Mas o aguardado anúncio é interrompido pela chegada da Carminha.


Crônica de família

— Já vi que cheguei em boa hora porque vai começar o samba — diz ela toda animada. — Mas não vai cantar “Aquarela do Brasil” de novo, né? Cê não sabe outra música, não, Presida?

— Ah loko! Ah loko! — provoca o Xandão. — Chegou tarde, Carminha. Você perdeu o Totó comentando as asneiras que ele disse lá no plenário semana passada.

— Que asneira? — pergunta ela. — Eu achei tudo muito inteligente. “A mão invisível da inteligência artificial” é coisa de gênio. — E para o coitado: — Eles pegam demais no teu pé, Totó. Só porque você é estagiário.

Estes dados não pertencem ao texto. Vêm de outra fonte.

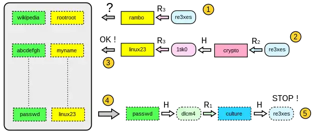 - If this test is positive (step 3, linux23 appears at the end of the chain and in the table), the password is retrieved at the beginning of the chain that produces linux23. Here we find passwd at the beginning of the corresponding chain stored in the table.

— Fui. Não sou mais. Que fique bem claro! — enfatiza ele.

— Ah, para com isso, Carminha! Até o Totó aqui já reconheceu que falou qualquer bobagem só pra ver a jornalistada fazendo malabarismo pra passar pano pra ele — diz o Flavinho com três rabinhos de lambari frito saindo pela boca.

— “Bobagem”? Hmmmm. Que educado. Não tô te reconhecendo, Flavinho.

— É que esta é uma crônica de família – diz ele.

Ninguém ri porque essa foi fraca mesmo.


Aguarde e confie

— Mas é sério isso de falar qualquer bobagem? Quer dizer, então, que eu tô livre? Posso citar o Caetano no meu voto e dizer que as redes têm que ser censuradas...

— Regulamentadas — corrige quem? quem? quem? O Chatiano, é claro.

— Regulamentadas. As redes sociais tem que ser regulamentadas porque circuladô de fulô ao deus ao demodará...? — pergunta Carminha.

— Pode citar até a Jojo Toddynho! — diz o Faka.

— A Jojo não! A Jojo agora é ídala do outro time — explica o Chatiano. Claro que foi o Chatiano. Quem mais poderia ser além do Chatiano?

— Caetano, Jojo, Silvio Almeida, Fernanda Torres. Cita quem você quiser, mulé! — diz Xandão. — Diz o que você quiser. A decisão já tá tomada mesmo. Até o Dé aqui falou que vai votar com a gente. Não é? Diz pra ela, Dé.

— Aguarde e confie – diz o terrivelmente qualquer-coisa.


O mundo é um moinho

— Canta aí, ô, Presida. Canta um Zeca Pagodinho. “Deixa a vida minha levar...” — propõe Totó.

Todos: — Vida leva eu...

— Nah. Já disse que acordei melancólico hoje — diz o Presida, cortando a euforia da rapaziada.

— Ah, deixa de ser... — diz o Faka, prestes a cometer um crime inafiançável e imprescritível, quando é interrompido pela voz aveludada do Presida.

— Ouça-me bem, amor

Preste atenção, o mundo é um moinho

Vai triturar teus sonhos tão mesquinhos

Vai reduzir as ilusões a pó.

(Silêncio).


Soda

— Pô, depois dessa...

— Essa música é muito soda. Tão soda que deveria ser inconstitucional!

— Soda pra baralho.

Todos ficam pensativos por alguns segundos. Até que Xandão, incapaz de se emocionar com os tristíssimos versos de Cartola, quebra o silêncio:

— E aí, pessoal? Já decidiram quando é que a gente vai prender o Bolsonaro?